In comics, reality manipulation is an enticing device that can allow for all sorts of intoxicating visuals or unexpected ideas. And when adapted to the screen (especially in live action), those ideas can be held back by the limitations of the form (just like stretchy powers).

Scarlet Witch, the respective Doctors Strange and Manhattan, and Green Lantern are a few of the more famous examples, but the list of heroes and villains who can change the world before them with ease goes on. Invincible’s Atom Eve stakes her claim in that elite group, especially after the show’s stellar hourlong special that just dropped on Prime Video.

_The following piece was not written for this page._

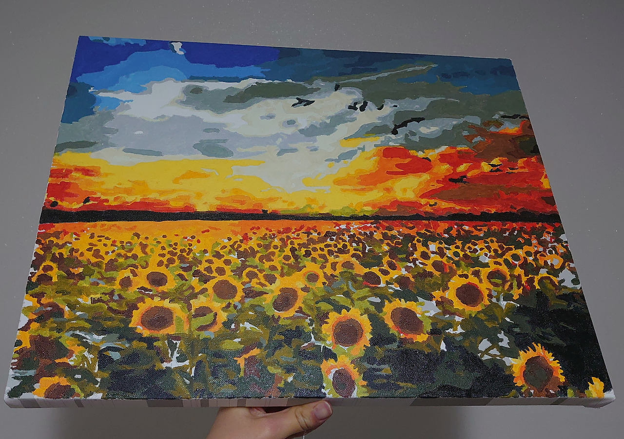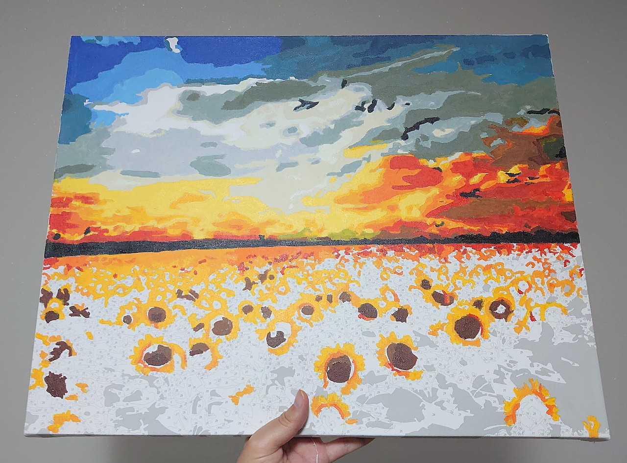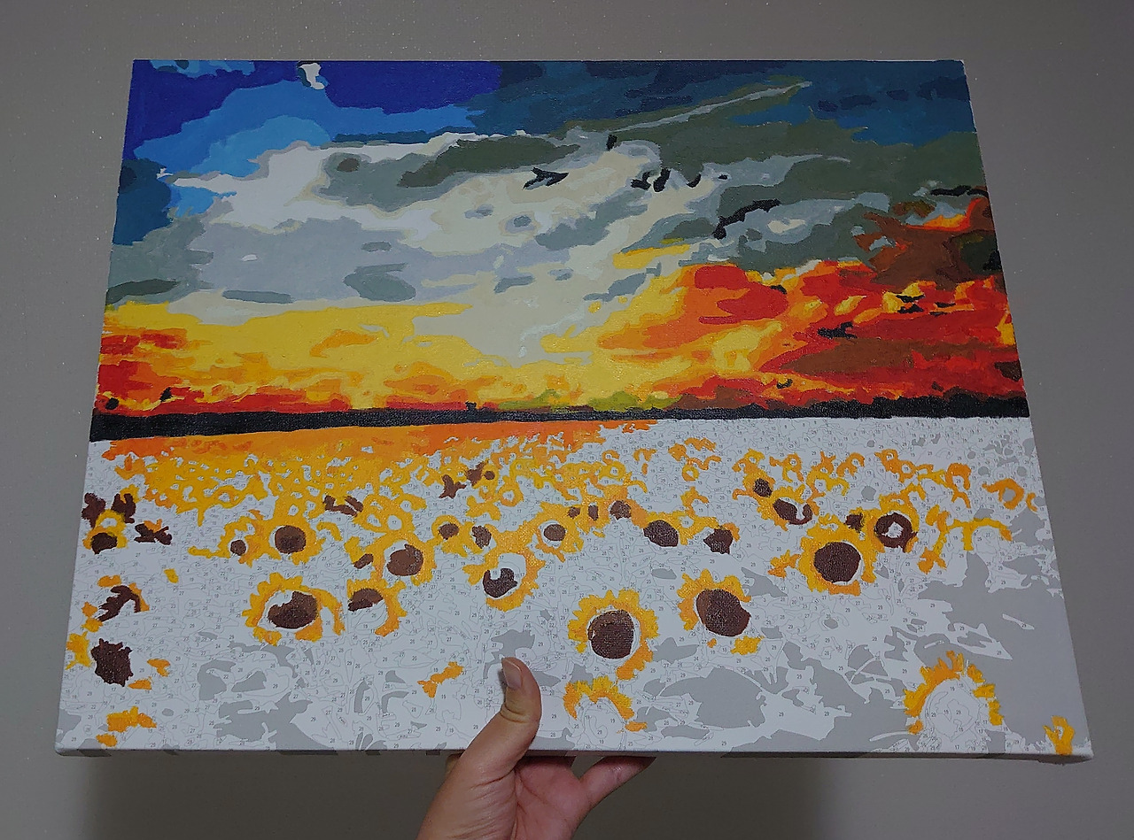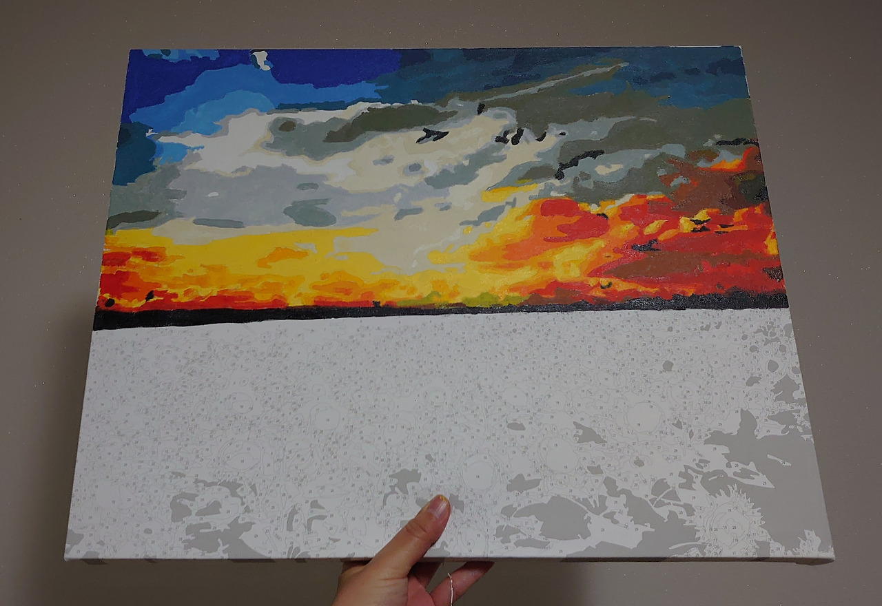 피포 페인팅은 자가격리 아이템으로 꼽히기도 한다. 요즘 트렌드는 명화 그리기도 아니고 도자기 굽는 거라고도 하더라만. 나 같은 똥 손도 이런 걸 할 수 있다는 데, 미술에 흥미를 붙일 수 있다는 것만으로도 의미가 컸다. 이걸 계기로 남 그림을 따라 하기보다 진짜 내 그림을 언젠가 그렸으면 좋겠다 싶고. 색을 칠하면서 하늘과 구름 하나 칠하는 데 이렇게 다양한 색이 쓰일 수 있다는 걸 새삼 배웠다. 노을도. 지난 주말에 하늘을 보는데 만약 이걸 유화 물감으로 칠하면 무슨 색, 무슨 색 물감을 쓰면 좋겠다 이런 생각을 하고 있었다.

The special, “Invincible: Atom Eve,” is just under an hour long and co-written by Helen Leigh (Severance, Archive 81) and show creator Robert Kirkman (who also created the original comic). It takes a step back to tell the origin story of Atom Eve, voiced by Gillian Jacobs in the first season of the show and by Aria Kane and Jazlyn Ione in the special.

The special shows how Eve got her powers at the hands of a brutal science experiment and examines her troubled upbringing with parents who simply don’t understand her or what she’s capable of. “Invincible: Atom Eve” delivers what Invincible did best in its first season: compelling animation, slick action, and complicated family dynamics, all without the pacing problems that occasionally held the first season back.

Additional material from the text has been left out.